What you return should match the data below exactly, with no pictures in it.

Given information
__________________________________________________

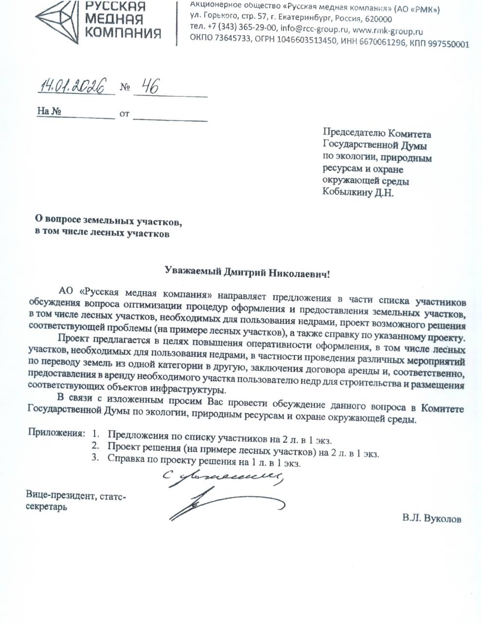 «Русская медная компания» предложила изменить Лесной кодекс, чтобы ускорить получение участков для недропользования. Организовать «нулевое чтение» законопроекта вице-президент – статс-секретарь РМК Всеволод Вуколов призвал председателя экокомитета Госдумы Дмитрия Кобылкина.
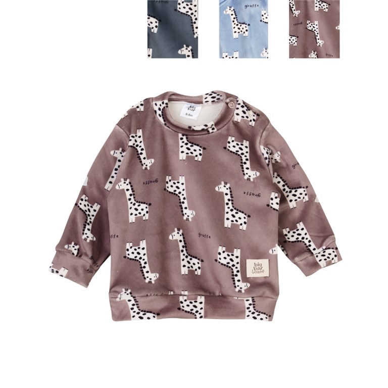 BUZO BEBE DE PLUSH ESTAMPADO JIRAFAS. BIG BAY
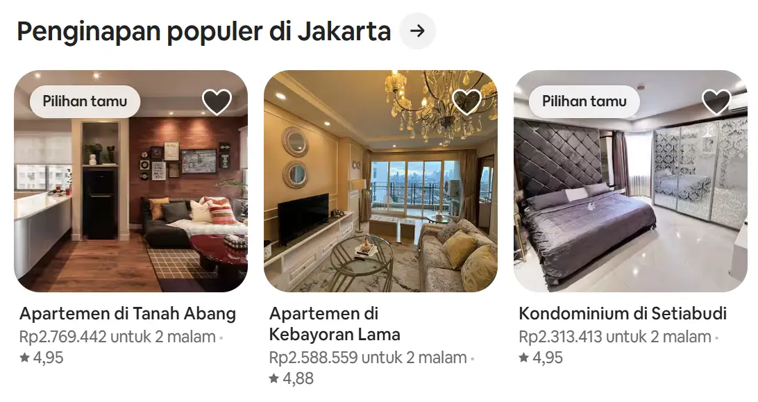 - Beberapa listing punya biaya tambahan tersembunyi kayak cleaning fee dan service fee.
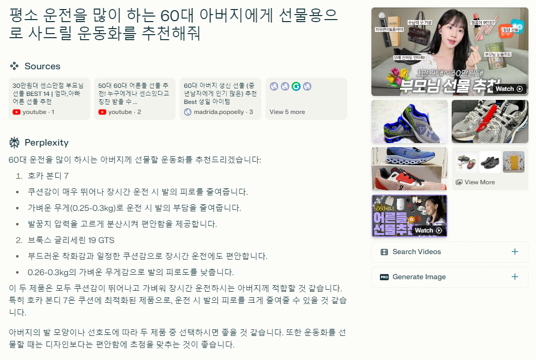 예컨대 평소 운전을 많이 하는 60대 아버지에게 선물용으로 사드릴 운동화를 찾는다면 어떻게 해야 할까요? AI 검색 서비스에는 이 문장 그대로 입력한 뒤 “추천해줘” 한 마디만 덧붙이면 됩니다. 반면 구글이라면 ‘중년 남자 운동화 추천’ ‘운전자 운동화 추천’ ‘선물용 운동화 추천’ 등으로 쪼개 검색해야 할 테고요. 당연히 마케터 입장에선 문장 형태의 검색어가 소비자 의도를 파악하기에 더 적합할 겁니다.

__________________________________________________

Solution to this exercise
 «Русская медная компания» предложила изменить Лесной кодекс, чтобы ускорить получение участков для недропользования. Организовать «нулевое чтение» законопроекта вице-президент – статс-секретарь РМК Всеволод Вуколов призвал председателя экокомитета Госдумы Дмитрия Кобылкина.
 BUZO BEBE DE PLUSH ESTAMPADO JIRAFAS. BIG BAY
 - Beberapa listing punya biaya tambahan tersembunyi kayak cleaning fee dan service fee.
 예컨대 평소 운전을 많이 하는 60대 아버지에게 선물용으로 사드릴 운동화를 찾는다면 어떻게 해야 할까요? AI 검색 서비스에는 이 문장 그대로 입력한 뒤 “추천해줘” 한 마디만 덧붙이면 됩니다. 반면 구글이라면 ‘중년 남자 운동화 추천’ ‘운전자 운동화 추천’ ‘선물용 운동화 추천’ 등으로 쪼개 검색해야 할 테고요. 당연히 마케터 입장에선 문장 형태의 검색어가 소비자 의도를 파악하기에 더 적합할 겁니다.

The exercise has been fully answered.